My grand NANOWRIMO plans were derailed by the usual suspects. The 4yo brought home a head cold that channels snot from another dimension, and the wife’s work beckoned more bonus time than most other months. Also, and I don’t count this because I’m the one to blame, the PS4 arrived at my doorstep. Thus the illness that would have normally just invaded my work schedule also invaded my digital downtime. I continued to work and instead of taking some leisurely time with the new game console I went to bed and fell asleep with The Shining on my face. Creepy. Don’t fall asleep with The Shining on your face. Osmosis is real. But like the siren’s call, eventually the PS4 wooed me into its trap. That I lasted four days without so much as opening the box should be considered medal-worthy.

Resogun
Resogun on the PS4

After being mesmerized for days by a simple Galaga-esque free download called Resogun (brilliant nostalgia-inducing gaming) I tried my hand at NBA2K14. I’ve been fan of the franchise, if not necessarily the NBA. I can’t remember the last time I sat through more than one whole quarter of NBA basketball. But I digress. Seeing as how I only play the 2K franchise every other year at best, I had to dust off the cobwebs and learn the new tricks. Seeing as how I’m 35 now, I take longer to process the dust off the cobwebs and even longer to learn the new tricks. I’m just not the same unstoppable gaming force that once beat Ghosts ‘n Goblins on the NES. If you’re not familiar with the legendary difficulty of Ghosts ‘n Goblins, this website has a nice writeup on the series, explaining why so many people have taken sledgehammers to this game.

Ghosts'n Goblins

Now, regarding my NBA2K futility. I knew full well that when I begin to tinker around in an NBA2K I was going to stink. I always stink. And I rarely stick with it long enough to achieve any measure of success. My career-mode character gets derailed after two or three seasons of pine-riding and lack of defensive skills. I eventually get cut and end up selling t-shirts outside arenas, trading on my status as a failed NBA prospect to feed my various addictions.
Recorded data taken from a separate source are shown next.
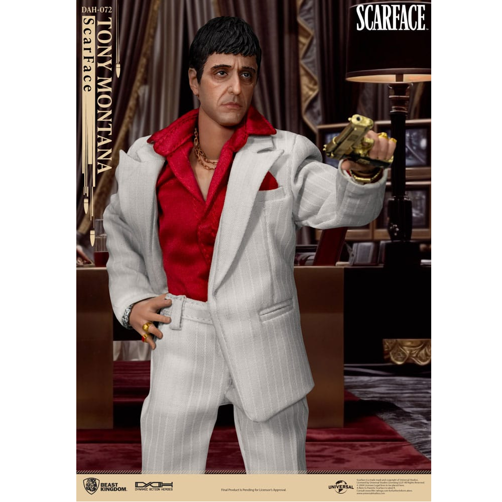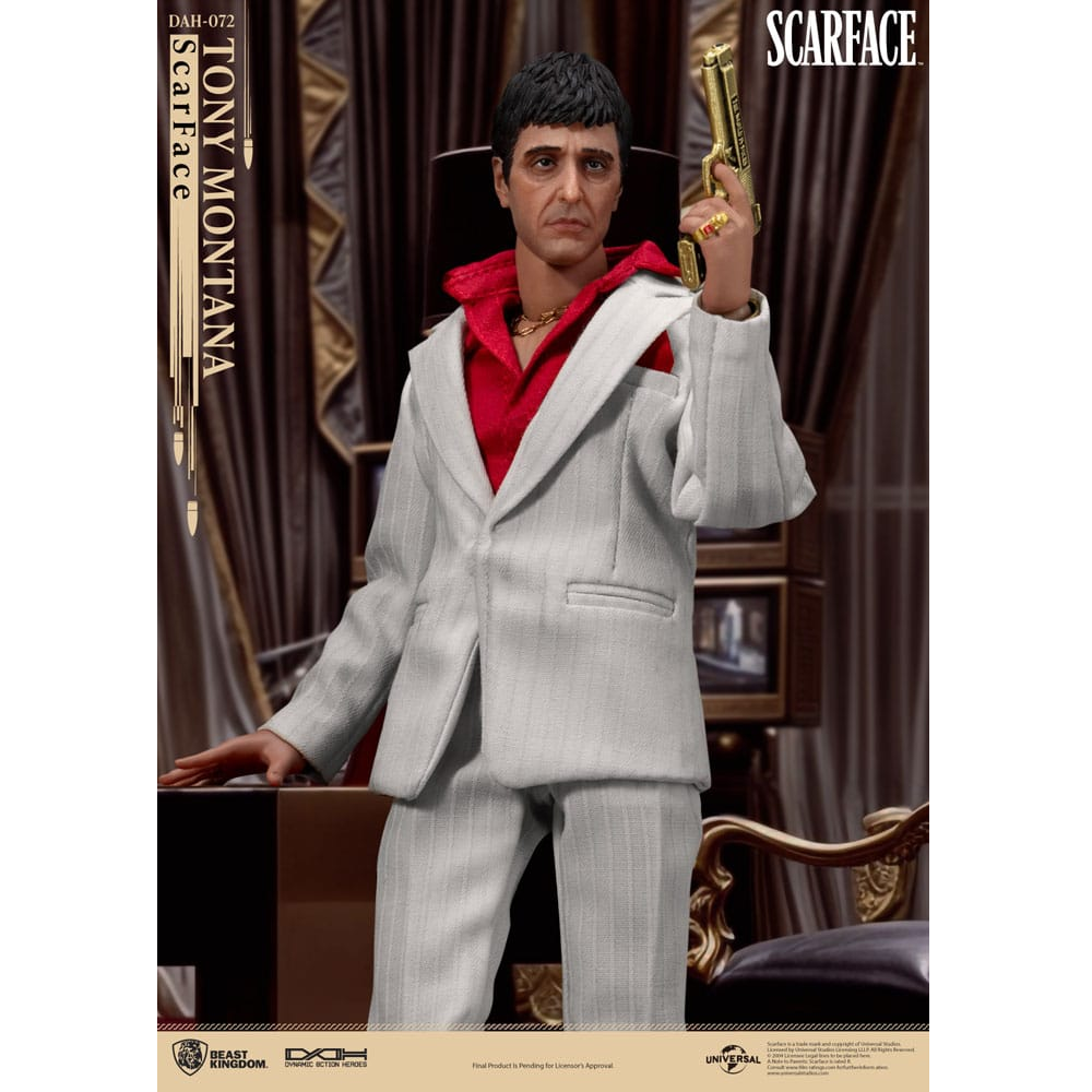Deze Tony Montana action figure van Beast Kingdom lijkt sprekend op Al Pacino die Tony Montana in de film Scareface speelde. Inclusief wit kostuum met rood overhemd. Tony Montana komt met zijn gouden pistool en zijn machine geweer. Daarnaast wordt er een goud gekleurde ketting meegeleverd en een horloge. Hij kan op 22 punten bewegen en komt tevens met een hoop extra handen.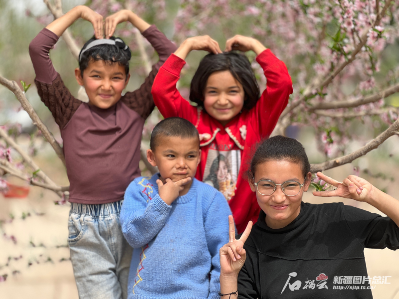 4月15日,喀什地区伽师县居仁镇仓村的小朋友们收到来自首都北京的爱心礼物后“比心”感谢。石榴云/新疆日报记者 唐堪东摄 记者了解到,自2019年以来,经济日报社妇委会已多次向南疆小朋友捐赠妇女干部职工手工编织的“特殊礼物”。
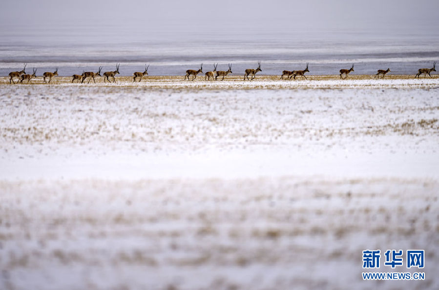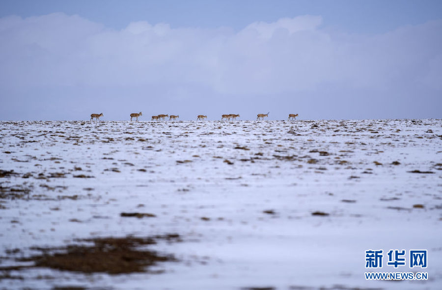 近日,可可西里迎來(lái)降雪,大量藏羚羊匯聚在可可西里五道梁地區(qū),踏上遷徙之路。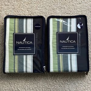 New in packaging, never opened! Lot of 2 NAUTICA standard size pillow shams, in the highly sought after LAKEVIEW pattern. Each sham measures 20' x 26". Comprised of 100% cotton. Stored in a smoke free environment.
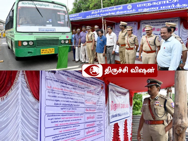 தீபாவளி பண்டிகை முன்னிட்டு போக்குவரத்து நெரிசிலை தவிர்க்கும் பொருட்டுபயணிகள் நலன் கருதியும் திருச்சி மாநகரில் 21.10.2022 முதல் 26.102022 வரை தஞ்சாவூர் புதுக்கோட்டை மற்றும் மதுரை மார்க்கமாக செல்லும் அனைத்து பேருந்துகளும் கீழ்கண்ட தற்காலிக பேருந்து நிலையங்களிலிருந்து இயக்கப்பட உள்ளது.
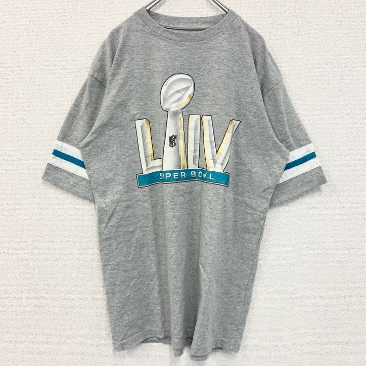 > 古着 used Majestic NFL 半袖オフィシャルプリントTシャツ SUPER BOWL クルーネック グレー Lサイズ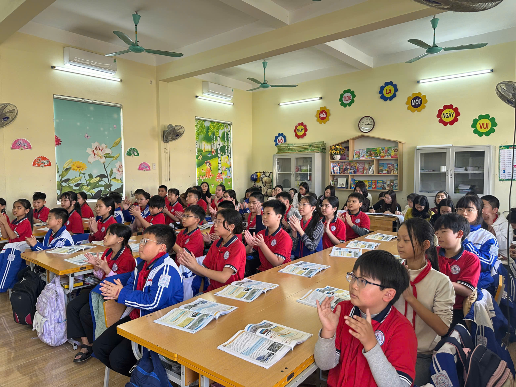 Tiết học được tổ chức sinh động thông qua các hoạt động nhóm, thảo luận, chia sẻ ý kiến và xử lí tình huống gần gũi với đời sống hằng ngày của học sinh. Các em hào hứng tham gia vẽ tranh, viết thông điệp và đề xuất những việc làm cụ thể để giữ gìn cảnh quan nơi ở, trường học và khu dân cư. Qua đó, học sinh hình thành ý thức bảo vệ môi trường, yêu quý và trân trọng cảnh quan địa phương ngay từ những hành động nhỏ.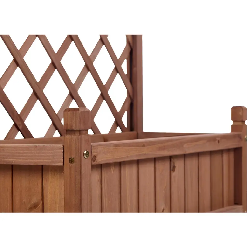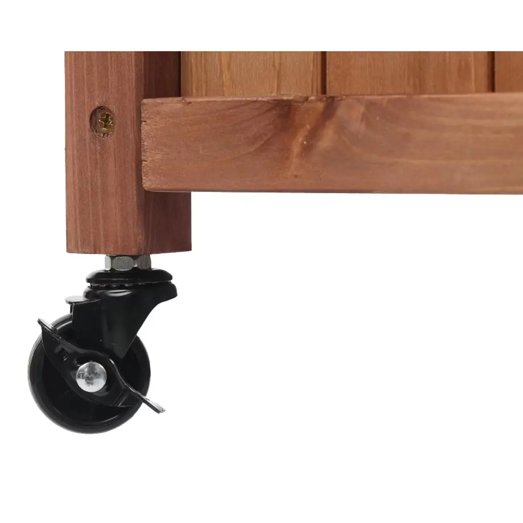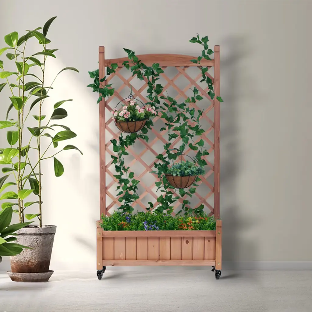 This 2-piece wooden planter set (11"L x 25"W x 42.3"H each) features built-in trellises for climbing plants/vegetables and wheeled bases for easy mobility. Made of natural wood with 0.8 cu. ft. capacity per box, it includes drainage holes for healthy plant growth and requires only 20-30 minutes to assemble.
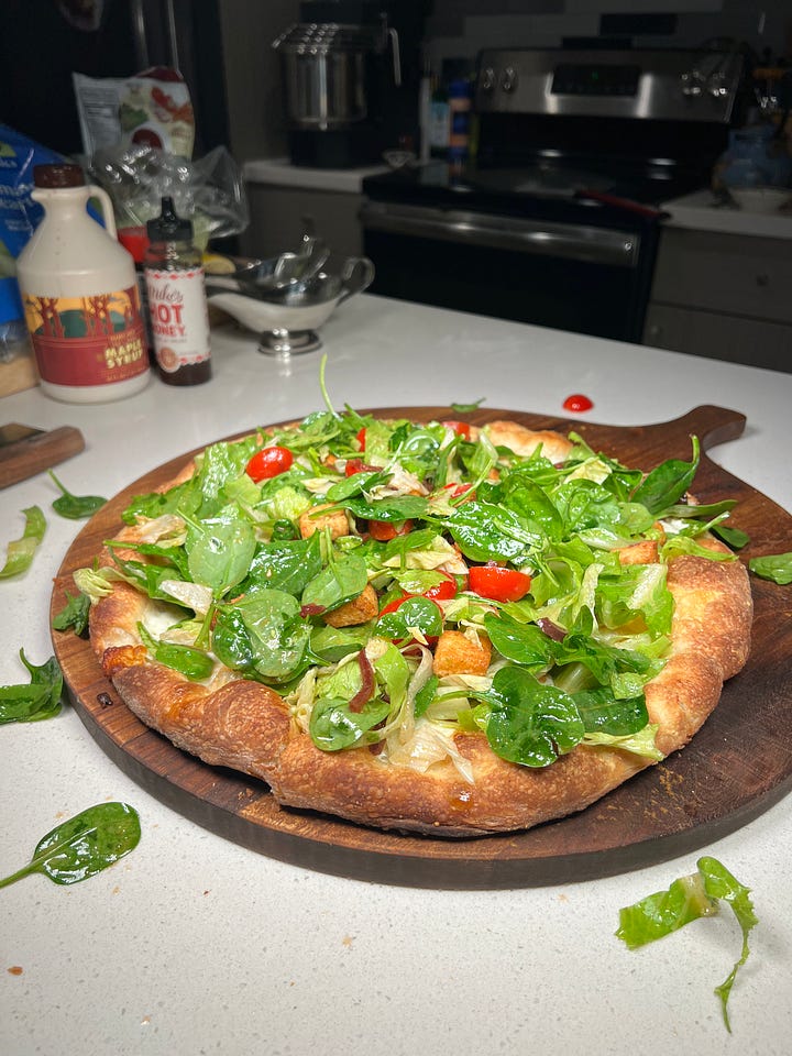 Aydan was inspired by the diner-style Greek salads that appeared on nearly every pizzeria menu in his hometown on Long Island. His New York–style dough is no joke. Crispy, chewy, and perfectly baked in a regular home oven!Outside Pizza Cheese and garlic pizza with a miso Caesar salad.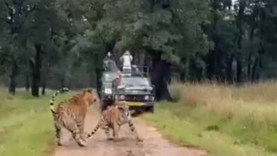 MP का कान्हा टाइगर रिजर्व: बाघ-बाघिन की रोमांचक आमने-सामने की झलक, सैलानियों ने किया कैद!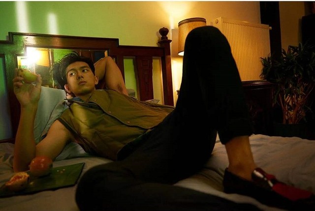 爱丁堡的冬日黄昏,刺骨的寒风如刀割般毫不留情地拍在路人的脸上,每个人都步履匆匆在回家的路上。韩商言穿着黑色高领毛衣,外披墨绿色呢子大衣,头戴一顶爵士帽。由于风大,为了防止风吹跑帽子,他不得不用手按着帽子低着头走在路上。
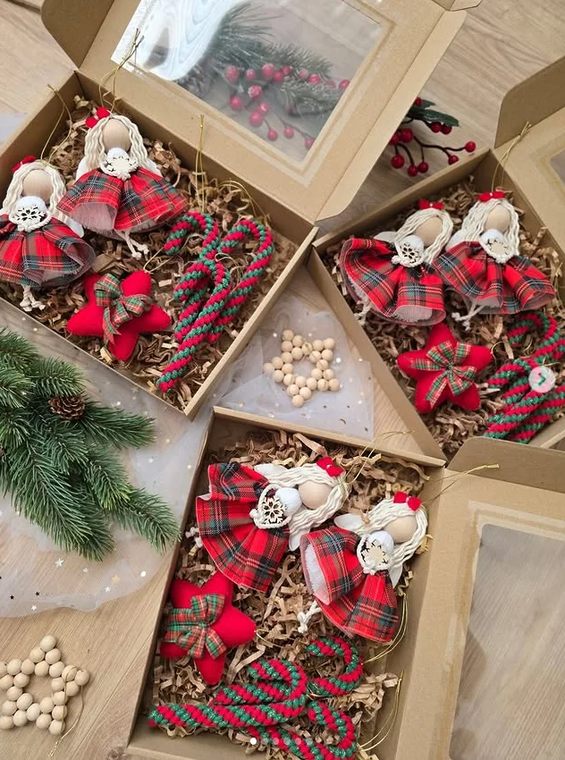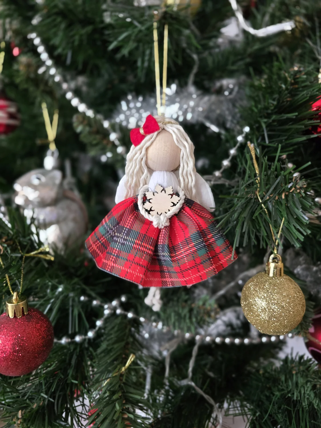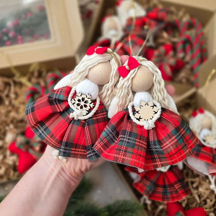 Aniołek świąteczny w piękną czerwono-zieloną krateczkę.
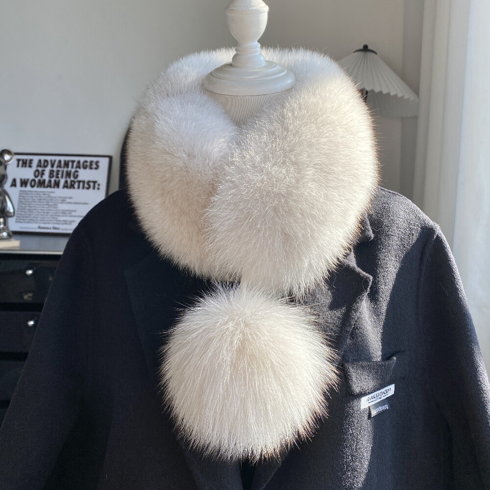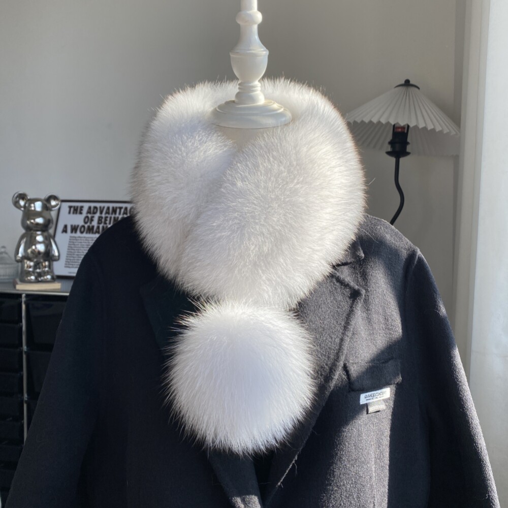 📚 韩版狐狸毛围巾女冬百搭短款大毛球皮草磁铁吸扣气质毛毛围脖领子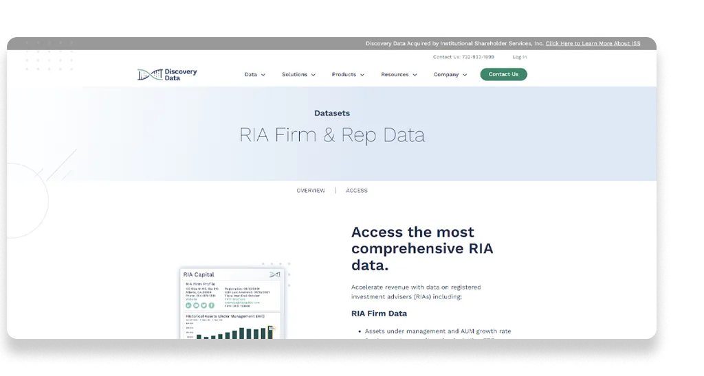 Discovery Data has long served enterprise firms seeking advisor and rep coverage across the industry. The platform includes CRM integrations and tools for enrichment and email compliance.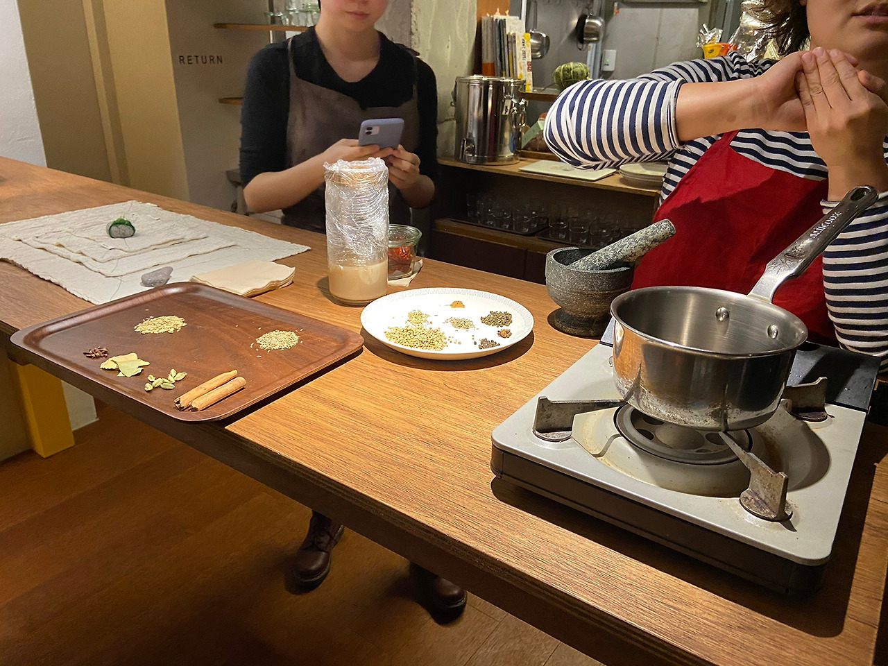 스파이스 워크숍은 수업 시작 전부터 개성을 주장하는 스파이스 향이 뜨뜻하게 손님을 환대합니다. 낮게 깔리는 묵직하고 편안한 나무 계열의 스파이스부터 화하고 상쾌하지만 마른 잎의 가벼운 향, 고소하며 향긋한 씨앗의 향, 생전 처음 보는 종류의 씨앗과 잎, 나무들이 줄지어 유리병에 잘 담겨있습니다. 그 사이에 까무잡잡한 피부와 동글동글한 얼굴, 선명한 눈빛의 송수가 있고, 스파이스만큼 넘치는 그의 생기는 한번 본 사람은 절대 잊을 수 없게끔 했습니다. 동그랗고 또렷한 발음의 어조로 많은 스파이스를 하나씩 설명해주는데, 각각의 기운과 향, 맛과 성질을 설명하는 것을 듣다 보면, 시간이 훌쩍 지나있고, 수업 후에 아주 강렬한 맛일 거라 예상하며 받아 든 탈리 플레이트는 너무나 온화한 맛이어서 되려 기억에 깊이 남았습니다. 탈리가 "인도 백반"이라는 점을 다시금 생각해보게끔 한 식사였죠. 후에 몇 가지 프로젝트와 일로 만나게 되면서 재밌고 맛있는 이야기를 가득 담은 송수와, 먹으면 늘 몽롱한 정신이 깨이고 몸이 따뜻해지는 커리가 참 닮아있다는 생각을 했습니다.

In my third or fourth game, I missed a layup. I always specialize as a three-point shooter so the opportunity to drive the basket felt revolutionary. After missing the layup I hustled back in a rage and molested Stephen Curry in order to get the ball back. Well, as they do, the refs called a foul for throwing the other team’s star player into the third row. I don’t remember exactly what I said but it was likely derived from my standard playbook of choice phrases. We’ll go with “Oh, fuck off…” which would have been followed by me dropping my controller (controller destruction prevention) while the opposing team sinks their free throws. Instead, the ref called a technical foul on me. I knew it was on me because the in-game camera showed my character shaking his head in disgust. In the top right corner flashed the icon that appears when the PS4’s microphone is in-use. I presumed this indicated that I’d been slapped on the wrist for my colorful reaction to the ref.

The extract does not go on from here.